But let’s retrace exactly how the young Narciso Manzano actually became one of the first Filipinos to be an officer in the US Army:

Young Manzano enrolled in the University of Santo Tomas. He was a brilliant student, graduated very young at 18 years old, and took a position in the faculty of the mathematics and engineering department. Soon after he assumed his faculty position, the US Army began recruiting engineers in the Philippines. Those selected would become commissioned officers in the US regular Army, equal in salary and rank to American officers. Manzano, given his early ambition to be an officer in the Spanish Army, immediately applied. He was turned down because he wasn't 21. He also didn't meet the Army's physical height and weight requirements. He looked and weighed much like a 16-year-old American.  However, several weeks later, he applied again. This time he lied about his age. He also stuffed himself unmercifully with bananas to raise his weight. He passed the initial screening.

Photo of Manzano’s championship soccer team with its mix of players most members of the wealthy Manila elite and an interesting mix of other team mates. He is 18 years old and front and center holding what looks to be the game ball which may indicate he was the team captain. He was a civil engineering student at Santo Tomas Univeristy at the time. They had just won the tournament played at Luneta Park.

The US Army required all candidates who passed the initial screening to take a written exam. He took it and passed - No. 1. Time had passed, however, and the need for engineers had changed since the initial recruitment announcement was made. The U.S. Army decided it didn't need many more officer candidates and imposed another exam, a much more difficult and oral one to be conducted by a panel of three officers.

Now, this was a problem. Although Manzano read English easily, particularly mathematical and engineering texts, he had a very limited ability to speak the language. “Yes,” “no,” and “maybe” had been enough to get to where he was at. He was staring into the jaws of linguistic failure.

When Manzano presented himself to be examined, he was given an equation reflecting an engineering problem which most American engineers recognized and had the solution committed to memory. But he had no experience with this particular problem; he had not been taught it at university. He was asked if he knew the solution. He responded, "No."

They were about to send him out as a failed candidate, when he said in his primitive English, "I derive the answer." He proceeded to fill the chalk board with mathematical manipulations and ended up with the required solution.  The examining officers were impressed. All of them knew the solution, but none of them would have been ready to work it out mathematically. His English may have been limited, but he was a brilliant mathematician and engineer. He passed.
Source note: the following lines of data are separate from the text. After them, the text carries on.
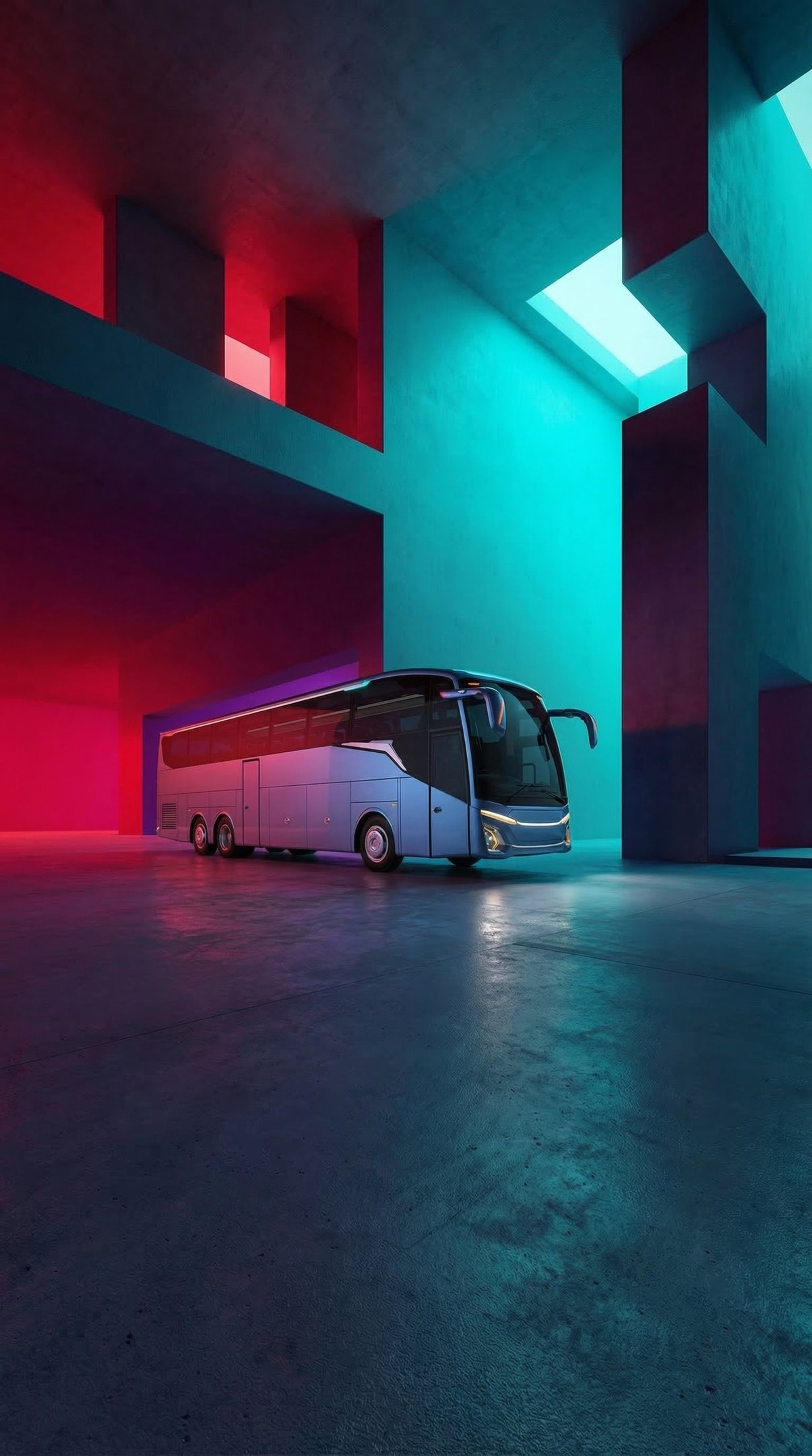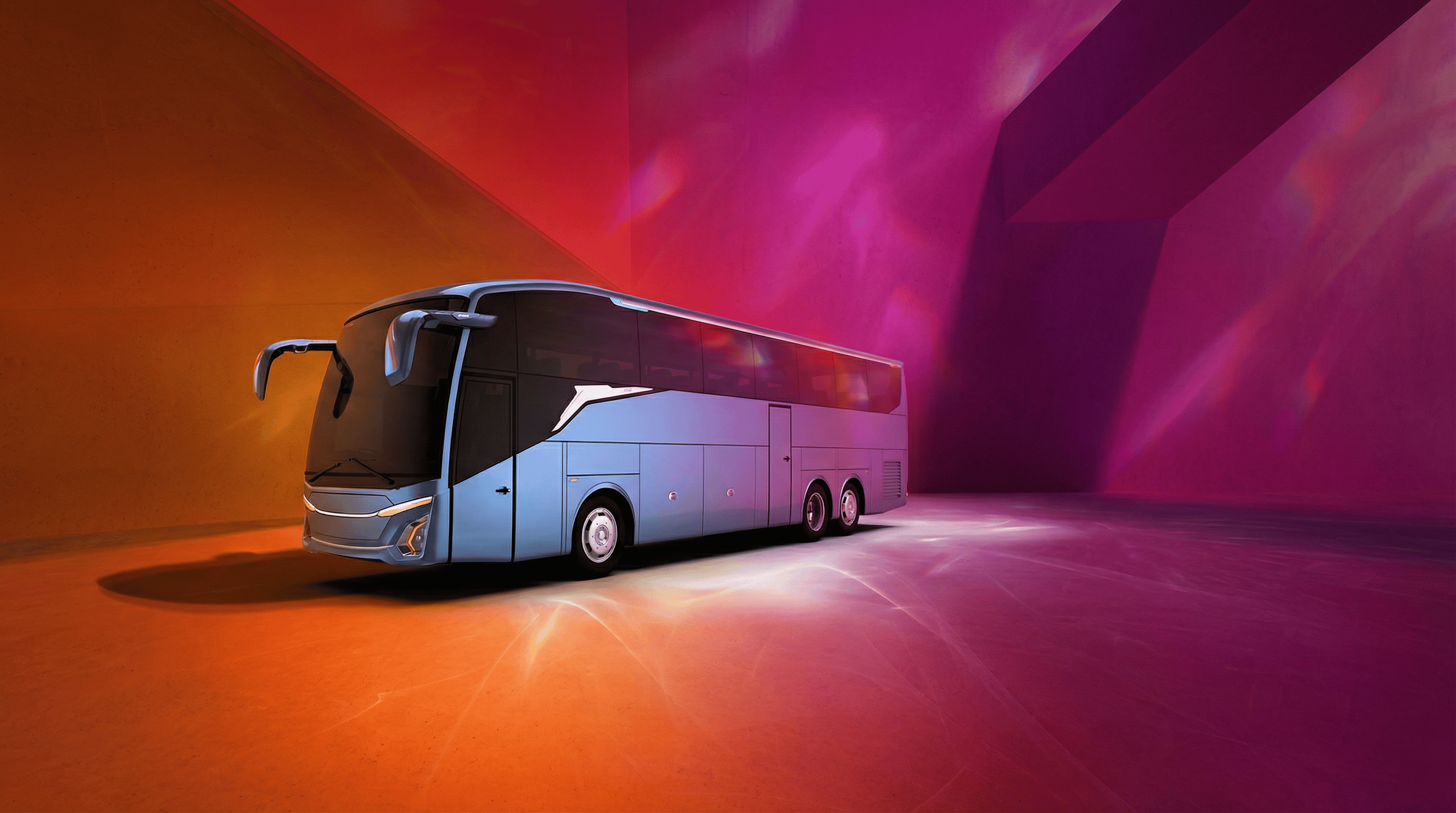 This gallery presents the Jetbus 5 SHD in a cinematic studio environment, where bold geometry, vibrant lighting, and refined surfaces come together to express its progressive design character.
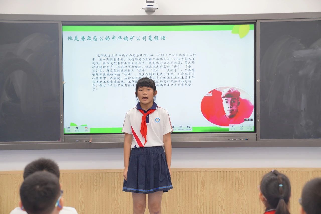 四(1)中队的同学们侃侃而谈“杨老板”的风云事迹,讲述了毛泽民化名“杨杰”,办印刷厂的故事。
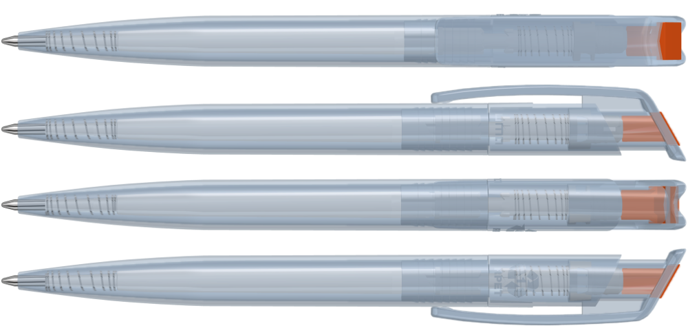 Druckkugelschreiber aus recyceltem PET-Material mit klar transparent glänzendem Gehäuse und gedecktem Stopfen.
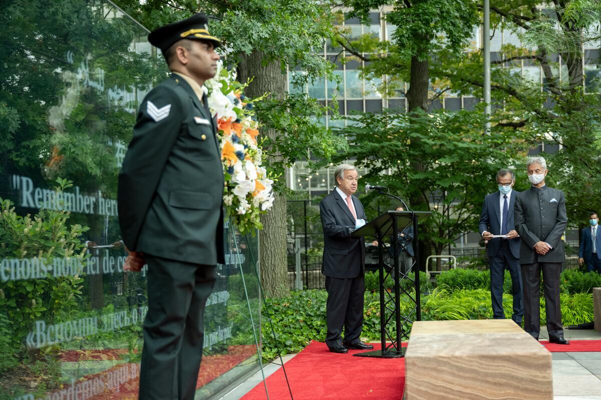 Secretary-General António Guterres (at podium) addresses a solemn ceremony ahead of the Security Council High-level Open Debate on UN Peacekeeping Operations: Technology and Peacekeeping. At right is Subrahmanyam Jaishankar, Minister for External Affairs of the Republic of India.

His ambition was fulfilled. He would be a commissioned officer, not in the Spanish, but in the US Army, that juggernaut of power that had conquered the Philippines, built the Panama Canal, and made the difference in defeating Germany in WWI! Moreover, his status in the eyes of his Filipino peers soared out of sight! He loved it. He was an officer in the US Army and relished the opportunities to perform to the highest of expectations.

This photo shows President Quezon at Letran College, 1938 or ‘39 where he had asked Col. Manzano, standing behind Quezon’s right shoulder, to develop an ROTC program for the then new Philippine Army.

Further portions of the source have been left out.